Your task is to copy the stretch of lines in the records below that begins with the line containing "Короткое платье в" and ends with the line containing "Сумка хозяйственная без", exactly as written, with nothing added.

> [EXERCISE MATERIAL]:
---------------

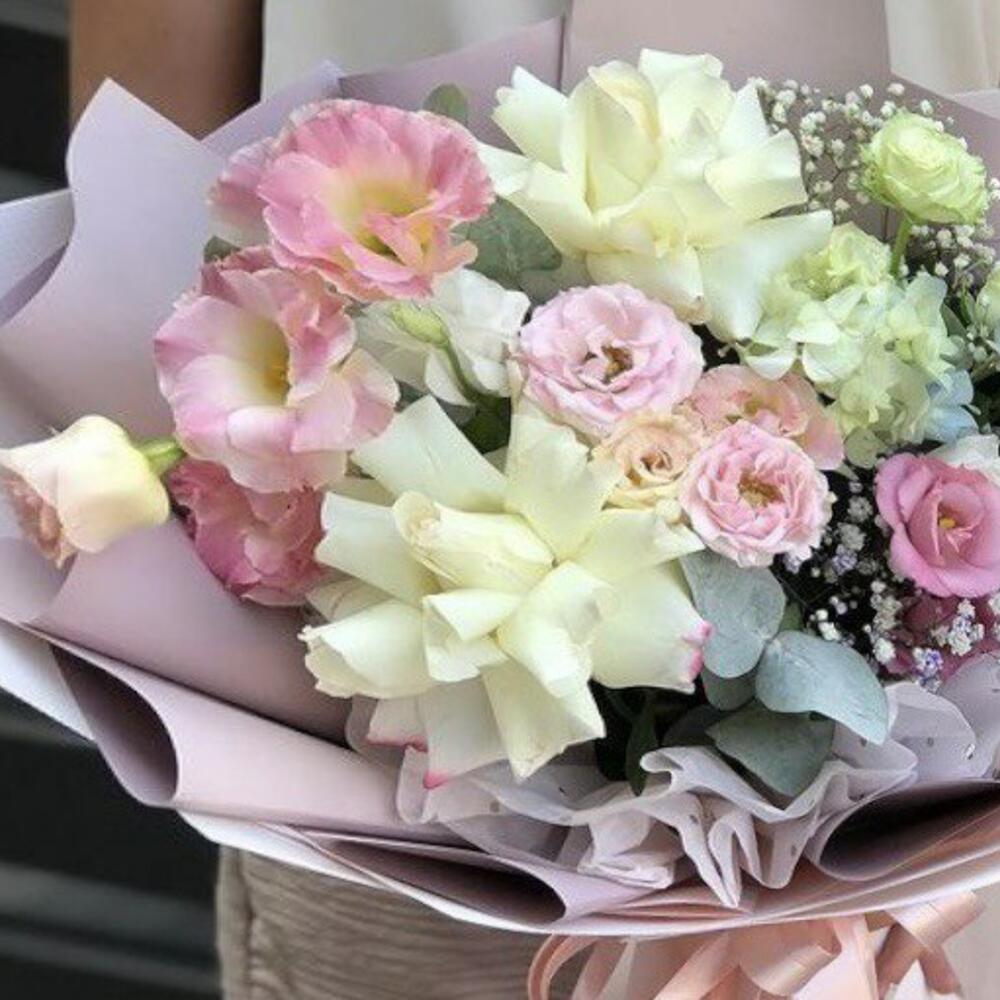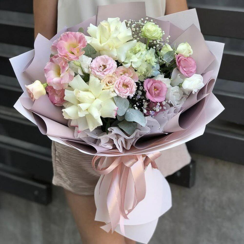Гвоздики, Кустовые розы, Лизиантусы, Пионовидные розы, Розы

---------------

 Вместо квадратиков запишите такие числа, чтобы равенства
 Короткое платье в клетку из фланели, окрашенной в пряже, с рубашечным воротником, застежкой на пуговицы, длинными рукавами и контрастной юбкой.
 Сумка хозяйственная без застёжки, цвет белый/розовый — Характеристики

---------------

> [WRITTEN ANSWER]:
 Короткое платье в клетку из фланели, окрашенной в пряже, с рубашечным воротником, застежкой на пуговицы, длинными рукавами и контрастной юбкой.
 Сумка хозяйственная без застёжки, цвет белый/розовый — Характеристики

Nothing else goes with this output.